Retrospective study of 40 patients presenting subfoveal classic choroidal neovascularization (CCNV) and/or occult choroidal neovascularization (OCNV) with or without fibrovascular pigment epithelium detachment (PED), based on fluorescein angiography (FA) and indocyanine green angiography (ICG). Visual acuity was measured using Snellen lines and/or ETDRS. The feeder vessels were visualized with high-speed ICG angiography (confocal scanning laser ophthalmoscope, Heidelberg HRA, Heidelberg, Germany). Feeder vessels were identified as very thin vessels with early filling and rapid emptying. Feeder vessel closure was achieved by laser photocoagulation treatment with either minipulse infrared laser therapy (810 nm), microburst, or yellow laser (568 nm). Post-treatment high-speed ICG angiography follow-up was recommended to the patient immediately or the day after the treatment. The number of treatments and location of the feeder vessels in relation to the macula as well as FA, ICG, and visual acuity results were assessed. If necessary, other treatment techniques such as photodynamic therapy (PDT) or transpupillary thermotherapy (TTT) were offered to the patient when leakage was still present.

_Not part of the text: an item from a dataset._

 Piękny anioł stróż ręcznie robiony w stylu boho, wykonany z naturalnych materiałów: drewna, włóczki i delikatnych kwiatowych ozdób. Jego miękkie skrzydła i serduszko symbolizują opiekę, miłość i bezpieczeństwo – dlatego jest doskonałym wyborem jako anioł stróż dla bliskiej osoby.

The patients were followed for an average of 6.2 months (2-9 months). Twenty-six women and 14 men (mean age, 72 years; range, 51-95) were included. Eight patients demonstrated classic neovascularization, 32 presented occult neovascularization, including 17 cases of vascularized PED and 15 retrofoveal plaques. The average number of treatments was 1.8 (range, 1-4 treatments). Location of feeder vessels were as follows: nine superior-macular, 18 inferior-macular, six nasal-macular and 11 temporal-macular. Visual acuity improved two lines or more in nine patients (22.5%), decreased 2 lines or less in five patients (12.5%) and was stable in 26 patients (65%). After feeder vessel treatment, seven patients showed improvement of the anatomical aspect of the AMD lesions, with a reduction in leakage. Except for one subretinal hemorrhage, no complications after feeder vessel treatment were observed.

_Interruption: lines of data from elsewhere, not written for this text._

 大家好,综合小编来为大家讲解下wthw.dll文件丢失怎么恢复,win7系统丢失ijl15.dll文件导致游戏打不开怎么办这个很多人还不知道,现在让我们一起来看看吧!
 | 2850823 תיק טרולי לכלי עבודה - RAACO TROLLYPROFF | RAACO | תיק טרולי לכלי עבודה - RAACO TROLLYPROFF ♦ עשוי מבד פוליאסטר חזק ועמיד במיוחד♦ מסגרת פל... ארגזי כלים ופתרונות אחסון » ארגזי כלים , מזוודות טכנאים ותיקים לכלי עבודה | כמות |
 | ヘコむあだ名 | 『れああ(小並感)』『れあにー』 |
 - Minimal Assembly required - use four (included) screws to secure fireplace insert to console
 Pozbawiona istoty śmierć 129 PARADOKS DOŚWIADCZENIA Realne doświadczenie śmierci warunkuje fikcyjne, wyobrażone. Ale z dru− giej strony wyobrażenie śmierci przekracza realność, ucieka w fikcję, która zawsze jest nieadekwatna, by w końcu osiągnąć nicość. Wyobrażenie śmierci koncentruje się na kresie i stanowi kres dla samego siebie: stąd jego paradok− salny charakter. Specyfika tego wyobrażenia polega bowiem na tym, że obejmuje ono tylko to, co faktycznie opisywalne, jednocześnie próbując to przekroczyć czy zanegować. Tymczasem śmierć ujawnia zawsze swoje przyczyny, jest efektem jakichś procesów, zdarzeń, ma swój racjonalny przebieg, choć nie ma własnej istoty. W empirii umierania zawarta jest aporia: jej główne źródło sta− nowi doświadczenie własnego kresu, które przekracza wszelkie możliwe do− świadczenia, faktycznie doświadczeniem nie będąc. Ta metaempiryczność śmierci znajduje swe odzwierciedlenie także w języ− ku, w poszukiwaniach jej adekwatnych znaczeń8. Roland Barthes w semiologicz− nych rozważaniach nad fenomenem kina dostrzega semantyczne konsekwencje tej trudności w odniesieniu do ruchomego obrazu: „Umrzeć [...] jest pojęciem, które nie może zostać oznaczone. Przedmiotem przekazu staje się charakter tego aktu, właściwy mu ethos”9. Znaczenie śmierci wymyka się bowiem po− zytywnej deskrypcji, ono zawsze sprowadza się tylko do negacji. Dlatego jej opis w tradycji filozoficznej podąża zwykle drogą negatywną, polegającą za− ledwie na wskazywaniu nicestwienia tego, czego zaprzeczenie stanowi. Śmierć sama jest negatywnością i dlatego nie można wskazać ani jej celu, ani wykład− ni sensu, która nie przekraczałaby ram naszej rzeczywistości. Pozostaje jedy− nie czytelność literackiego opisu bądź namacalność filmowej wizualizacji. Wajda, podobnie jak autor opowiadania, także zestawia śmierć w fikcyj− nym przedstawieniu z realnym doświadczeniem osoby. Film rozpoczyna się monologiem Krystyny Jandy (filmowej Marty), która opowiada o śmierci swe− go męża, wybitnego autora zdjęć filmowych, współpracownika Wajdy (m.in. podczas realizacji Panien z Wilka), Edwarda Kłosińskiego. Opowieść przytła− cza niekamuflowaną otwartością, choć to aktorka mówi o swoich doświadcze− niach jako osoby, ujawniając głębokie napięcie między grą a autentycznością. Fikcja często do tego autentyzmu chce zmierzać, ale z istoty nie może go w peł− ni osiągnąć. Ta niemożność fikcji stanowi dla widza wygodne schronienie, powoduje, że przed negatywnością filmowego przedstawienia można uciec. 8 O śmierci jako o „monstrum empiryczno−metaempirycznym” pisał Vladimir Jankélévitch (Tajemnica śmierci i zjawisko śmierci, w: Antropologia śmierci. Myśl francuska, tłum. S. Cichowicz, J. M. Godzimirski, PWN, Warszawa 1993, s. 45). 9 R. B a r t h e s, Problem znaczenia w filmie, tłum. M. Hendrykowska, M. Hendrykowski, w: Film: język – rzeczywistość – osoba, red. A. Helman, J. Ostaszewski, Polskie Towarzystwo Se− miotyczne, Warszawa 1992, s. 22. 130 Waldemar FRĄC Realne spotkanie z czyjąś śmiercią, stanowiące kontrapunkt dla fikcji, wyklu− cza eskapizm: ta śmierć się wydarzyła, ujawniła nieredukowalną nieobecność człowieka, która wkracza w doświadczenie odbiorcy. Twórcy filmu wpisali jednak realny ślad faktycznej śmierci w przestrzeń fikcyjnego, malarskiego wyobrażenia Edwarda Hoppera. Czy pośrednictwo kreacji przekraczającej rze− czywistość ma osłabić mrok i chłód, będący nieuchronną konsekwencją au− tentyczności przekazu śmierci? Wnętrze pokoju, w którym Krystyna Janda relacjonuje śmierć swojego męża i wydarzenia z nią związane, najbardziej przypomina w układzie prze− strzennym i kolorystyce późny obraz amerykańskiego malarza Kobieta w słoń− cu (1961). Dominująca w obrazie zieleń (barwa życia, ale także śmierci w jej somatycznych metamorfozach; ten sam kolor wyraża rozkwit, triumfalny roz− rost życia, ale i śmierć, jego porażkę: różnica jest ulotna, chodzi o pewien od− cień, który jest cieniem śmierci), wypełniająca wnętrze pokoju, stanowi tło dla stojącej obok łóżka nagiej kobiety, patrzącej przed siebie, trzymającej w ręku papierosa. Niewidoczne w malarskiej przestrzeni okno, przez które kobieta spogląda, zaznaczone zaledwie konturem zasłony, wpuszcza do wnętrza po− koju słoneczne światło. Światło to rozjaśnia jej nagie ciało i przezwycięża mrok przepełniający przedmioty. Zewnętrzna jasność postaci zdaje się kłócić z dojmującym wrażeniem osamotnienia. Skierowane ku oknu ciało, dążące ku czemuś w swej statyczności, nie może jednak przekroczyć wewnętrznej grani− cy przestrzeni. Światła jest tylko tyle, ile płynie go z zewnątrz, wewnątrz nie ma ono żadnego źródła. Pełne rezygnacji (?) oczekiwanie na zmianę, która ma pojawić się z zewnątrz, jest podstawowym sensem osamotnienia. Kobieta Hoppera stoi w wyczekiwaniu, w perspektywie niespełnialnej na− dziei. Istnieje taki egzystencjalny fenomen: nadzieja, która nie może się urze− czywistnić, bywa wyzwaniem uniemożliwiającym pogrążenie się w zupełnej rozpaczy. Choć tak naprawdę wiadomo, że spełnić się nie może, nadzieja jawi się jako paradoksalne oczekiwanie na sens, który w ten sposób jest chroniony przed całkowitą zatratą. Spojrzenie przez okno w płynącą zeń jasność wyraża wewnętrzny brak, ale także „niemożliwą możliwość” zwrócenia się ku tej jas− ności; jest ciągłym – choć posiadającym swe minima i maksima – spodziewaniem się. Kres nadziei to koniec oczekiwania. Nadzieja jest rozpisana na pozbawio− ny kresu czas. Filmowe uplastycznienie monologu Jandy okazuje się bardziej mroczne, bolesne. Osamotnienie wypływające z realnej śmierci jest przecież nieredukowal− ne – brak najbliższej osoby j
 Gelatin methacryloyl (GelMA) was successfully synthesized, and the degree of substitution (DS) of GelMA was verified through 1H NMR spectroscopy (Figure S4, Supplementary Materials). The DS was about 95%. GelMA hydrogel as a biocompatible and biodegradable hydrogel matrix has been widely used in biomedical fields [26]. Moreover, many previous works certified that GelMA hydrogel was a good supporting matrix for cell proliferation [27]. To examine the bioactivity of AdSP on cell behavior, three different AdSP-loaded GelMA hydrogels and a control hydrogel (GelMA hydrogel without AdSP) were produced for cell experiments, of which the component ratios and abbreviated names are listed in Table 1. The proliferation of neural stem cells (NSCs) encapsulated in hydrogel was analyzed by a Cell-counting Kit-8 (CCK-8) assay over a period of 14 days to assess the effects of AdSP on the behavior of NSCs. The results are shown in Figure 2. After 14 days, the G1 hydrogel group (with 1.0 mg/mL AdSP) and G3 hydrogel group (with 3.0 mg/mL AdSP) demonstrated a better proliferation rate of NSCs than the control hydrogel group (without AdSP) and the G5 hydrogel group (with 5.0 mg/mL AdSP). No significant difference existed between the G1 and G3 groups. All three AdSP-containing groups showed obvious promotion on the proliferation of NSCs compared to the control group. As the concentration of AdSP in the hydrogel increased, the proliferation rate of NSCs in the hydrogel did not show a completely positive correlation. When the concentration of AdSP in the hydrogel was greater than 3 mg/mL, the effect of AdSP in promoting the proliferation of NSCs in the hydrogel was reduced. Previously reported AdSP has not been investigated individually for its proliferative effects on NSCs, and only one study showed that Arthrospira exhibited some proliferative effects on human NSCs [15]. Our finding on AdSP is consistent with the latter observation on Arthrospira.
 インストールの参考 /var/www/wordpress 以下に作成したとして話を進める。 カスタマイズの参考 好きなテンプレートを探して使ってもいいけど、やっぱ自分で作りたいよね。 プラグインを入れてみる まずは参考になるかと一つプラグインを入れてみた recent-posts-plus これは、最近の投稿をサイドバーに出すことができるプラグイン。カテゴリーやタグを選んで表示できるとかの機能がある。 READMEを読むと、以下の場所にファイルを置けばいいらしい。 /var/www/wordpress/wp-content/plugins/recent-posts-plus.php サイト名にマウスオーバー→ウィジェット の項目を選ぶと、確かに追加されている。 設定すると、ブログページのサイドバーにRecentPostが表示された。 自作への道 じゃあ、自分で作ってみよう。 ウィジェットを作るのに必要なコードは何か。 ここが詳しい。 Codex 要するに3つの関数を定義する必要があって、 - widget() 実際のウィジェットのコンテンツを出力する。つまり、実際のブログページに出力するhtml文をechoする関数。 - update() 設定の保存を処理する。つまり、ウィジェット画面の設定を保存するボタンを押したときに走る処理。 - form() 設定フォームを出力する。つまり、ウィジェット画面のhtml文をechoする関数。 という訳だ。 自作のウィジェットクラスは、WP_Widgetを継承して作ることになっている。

Feeder vessel treatment is a technique requiring high-speed ICG angiography to detect the feeder vessels located at a distance from the subfoveal OCNV, CCNV, and PED. Although the final visual acuity result was for the most part stabilization, the technique appeared to be safe and reproducible. In patients who were not eligible for other therapies such as PED, feeder vessel treatment seemed to be a reasonable alternative.
报告年龄相关性黄斑变性(AMD)中脉络膜新生血管的供血血管治疗结果。
对40例出现黄斑下典型脉络膜新生血管(CCNV)和/或隐匿性脉络膜新生血管(OCNV)伴或不伴纤维血管性色素上皮脱离(PED)的患者进行回顾性研究,基于荧光素血管造影(FA)和吲哚菁绿血管造影(ICG)。使用Snellen视力表和/或ETDRS测量视力。通过高速ICG血管造影(共焦扫描激光眼底镜,德国海德堡HRA)观察供血血管。供血血管被识别为早期充盈和快速排空的非常细的血管。通过使用微脉冲红外激光治疗(810nm)、微脉冲或黄色激光(568nm)进行激光光凝治疗实现供血血管封闭。建议患者在治疗后立即或第二天进行治疗后高速ICG血管造影随访。评估治疗次数、供血血管相对于黄斑的位置以及FA、ICG和视力结果。如有必要,当仍有渗漏时,为患者提供其他治疗技术,如光动力疗法(PDT)或经瞳孔温热疗法(TTT)。
患者平均随访6.2个月(2 - 9个月)。纳入26名女性和14名男性(平均年龄72岁;范围51 - 95岁)。8例表现为典型新生血管,32例表现为隐匿性新生血管,包括17例血管化PED和15例黄斑后斑块。平均治疗次数为1.8次(范围1 - 4次治疗)。供血血管位置如下:9例位于黄斑上,18例位于黄斑下,6例位于黄斑鼻侧,11例位于黄斑颞侧。9例患者(22.5%)视力提高两行或更多,5例患者(12.5%)视力下降两行或更少,26例患者(65%)视力稳定。供血血管治疗后,7例患者AMD病变的解剖学情况有所改善,渗漏减少。除1例视网膜下出血外,未观察到供血血管治疗后的并发症。
供血血管治疗是一种需要高速ICG血管造影来检测位于距黄斑下OCNV、CCNV和PED一定距离处的供血血管的技术。尽管最终视力结果大多是稳定的,但该技术似乎是安全且可重复的。对于不符合其他治疗(如PED治疗)条件的患者,供血血管治疗似乎是一种合理的选择。